Thank you all for the encouragement -- I love this stuff.

Yeah, Jen -- it's definitely just the photo -- the whole smithy is just a little 12'x12' hobbit-sized pole barn (glorified shed.) See pic below... (That flu pipe is from the little potbelly stove I have in there for the winter. There are two more sticking up higher off the opposite side now, from the forge.) I had to back up almost to the door to get that photo where you can see the anvil, blower and forge in one shot. I've been slowly building this dream for years... collecting the tools, learning, taking my time, enjoying it. It's finally coming together -- big year. "The fires of Gondor are LIT!" 

That's my first attempt at a (built from scratch) coal forge, behind the anvil. More pics below... When I'm standing at the forge and pull hot steel out of the fire, it's one step to the right and I'm squared up at the anvil. One step to the right of that (out of frame to the left, in the photo) is the post vise, which is mounted to the corner of the workbench, just proud of the surface, so I have a full 360 swing for twists. It's almost a perfect "blacksmith's triangle"... If I ever build another shop, it'll be WAY bigger and the forge/anvil/vise area will be its own space, more fully ideal.

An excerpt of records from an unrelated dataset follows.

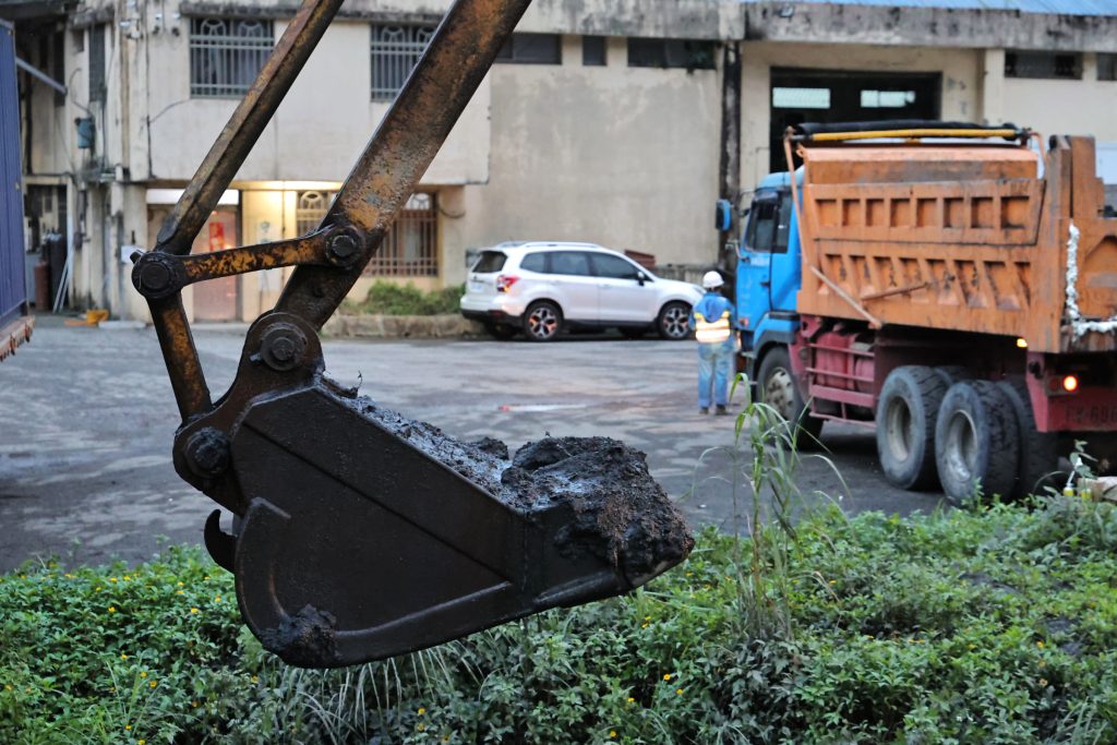 工務處長簡翊哲報告,截至晚間,今日已完成約13車次、共65立方公尺土方清運,整體清淤進度約五成,市府團隊將持續於夜間作業;另為加速清除水面油污,已於晚間調派吸泥車進行油水抽離,協助恢復河道水質。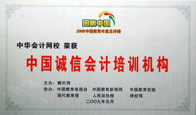 正保會(huì)計(jì)網(wǎng)校獲得“中國(guó)誠(chéng)信會(huì)計(jì)培訓(xùn)機(jī)構(gòu)”稱號(hào)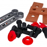 A csavarok, anyák és lyukas lécek lehetővé teszik az elemek összekapcsolását, a szerkezetek kipróbálását, valamint a koordináció és a logikus gondolkodás fejlesztését.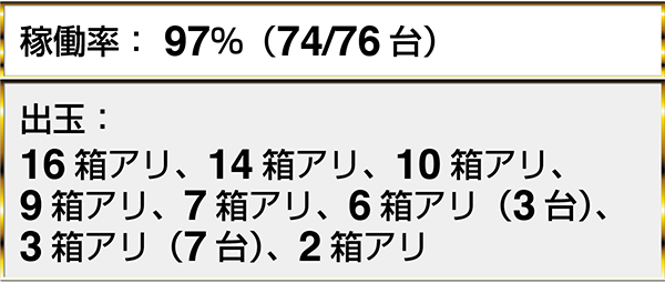 『ぱちんこCR北斗の拳7 転生』や『CRぱちんこ GANTZ』に18箱以上の出玉を確認。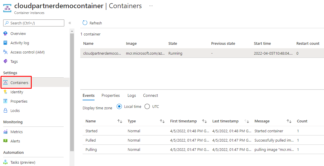 - Azure Container Instances enables exposing your container groups directly to the internet with an IP address and a fully qualified domain name (FQDN). When you create a container instance, you can specify a custom DNS name label so your application is reachable at customlabel.azureregion.azurecontainer.io.

That's a side-draft hood, angled over the firepot. I welded that up out of an old rusty 4'x4' piece of 1/4" plate my brother had. I wanted the flu pipe to be a single 10"-12" pipe, straight up out the roof, but couldn't find any and I stupidly made the roof out of that wobbly galvanized metal roofing, which doesn't work with the typical rigid sheet metal flanges ("collars?") where the chimbly penetrates. I figured I'd be clever and got one of those orange "high heat" silicone collars with the malleable aluminum edging where it meets the roof, so I could squish it around the wobbles in the roofing to match the contours -- and that would've worked -- but then I saw a post about how they catch fire if the chimney gets too hot -- and photos of one in flames, with dire warnings -- yikes. The orange silicone boot is rated for (500F?) -- I forget -- more than you'd usually see on an 'ambient' side-draft setup, 7' above it -- but I couldn't convince myself that it would never reach those temps and the one thing I'm dead set on is ZERO (preventable) fire risk -- so I scrapped that plan. Try to find double-wall stainless flu pipe that's 12" around -- RIDICULOUS money...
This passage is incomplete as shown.